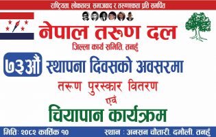 तनहुँमा नेपाल तरुण दलले ७३औं स्थापना दिवस कार्यक्रम गरि मनाउने
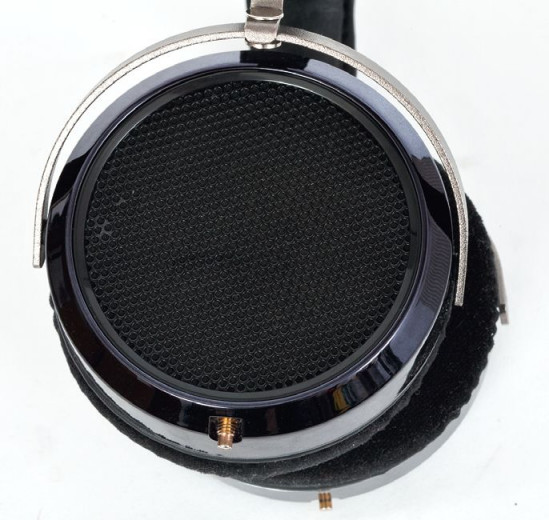 Hi-FiMAN HE-6 są kolejną konstrukcją otwartą w tym teście, tylne części muszli wykończono polakierowaną na czarno metalową siateczką, pod którą znajduje się kolejna przegroda - perforowany materiał o jeszcze mniejszej średnicy oczek.
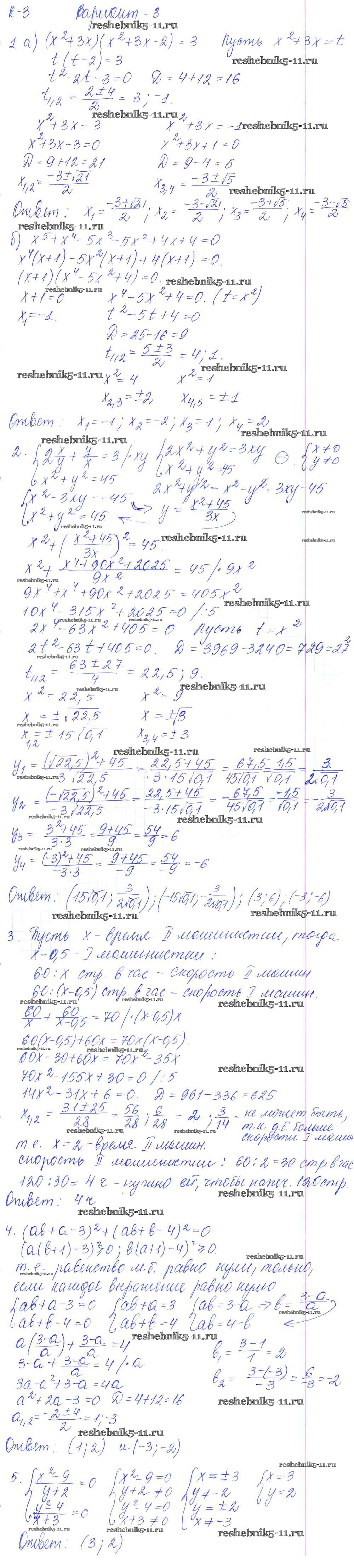 Готовая домашняя работа с ответами по Алгебре за 9 класс Журавлев, Малышева, Свентковский Контрольные и самостоятельные работы УМК Экзамен 2016 ФГОС - К-3. Целые уравнения и системы уравнений Вариант №3
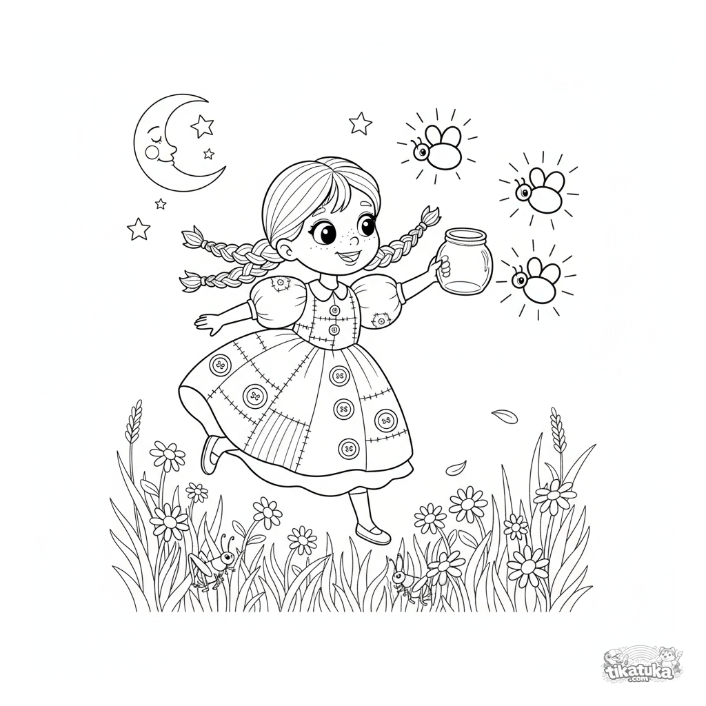 Página para colorear de una niña en vestido de retazos persiguiendo luciérnagas en un prado. Para niños de 5 a 8 años. Incluye un frasco, margaritas y una luna.
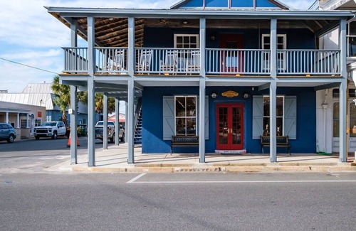 Come stay in this beautifully decorated apartment in a newly renovated historical building in downtown Cedar Key. "Kate" is a one bedroom and one bathroom unit fully equipped with a private bedroom with a queen sized bed, full bathroom with walk in shower, living room, kitchen, and laundry closet. The apartment is on the 2nd level of the historical Lutterloh building which now houses Main Street Mercantile. This unit includes unique touches such as a chevron wood ceiling made from repurposed wood from the original floor in the downstairs Mercantile. Private boat trailer parking behind building available for our guests.
------------------------
Your goal: An exact copy of every entry above is required, without the pictures.

Output for this task:
 तनहुँमा नेपाल तरुण दलले ७३औं स्थापना दिवस कार्यक्रम गरि मनाउने
 Hi-FiMAN HE-6 są kolejną konstrukcją otwartą w tym teście, tylne części muszli wykończono polakierowaną na czarno metalową siateczką, pod którą znajduje się kolejna przegroda - perforowany materiał o jeszcze mniejszej średnicy oczek.
 Готовая домашняя работа с ответами по Алгебре за 9 класс Журавлев, Малышева, Свентковский Контрольные и самостоятельные работы УМК Экзамен 2016 ФГОС - К-3. Целые уравнения и системы уравнений Вариант №3
 Página para colorear de una niña en vestido de retazos persiguiendo luciérnagas en un prado. Para niños de 5 a 8 años. Incluye un frasco, margaritas y una luna.
 Come stay in this beautifully decorated apartment in a newly renovated historical building in downtown Cedar Key. "Kate" is a one bedroom and one bathroom unit fully equipped with a private bedroom with a queen sized bed, full bathroom with walk in shower, living room, kitchen, and laundry closet. The apartment is on the 2nd level of the historical Lutterloh building which now houses Main Street Mercantile. This unit includes unique touches such as a chevron wood ceiling made from repurposed wood from the original floor in the downstairs Mercantile. Private boat trailer parking behind building available for our guests.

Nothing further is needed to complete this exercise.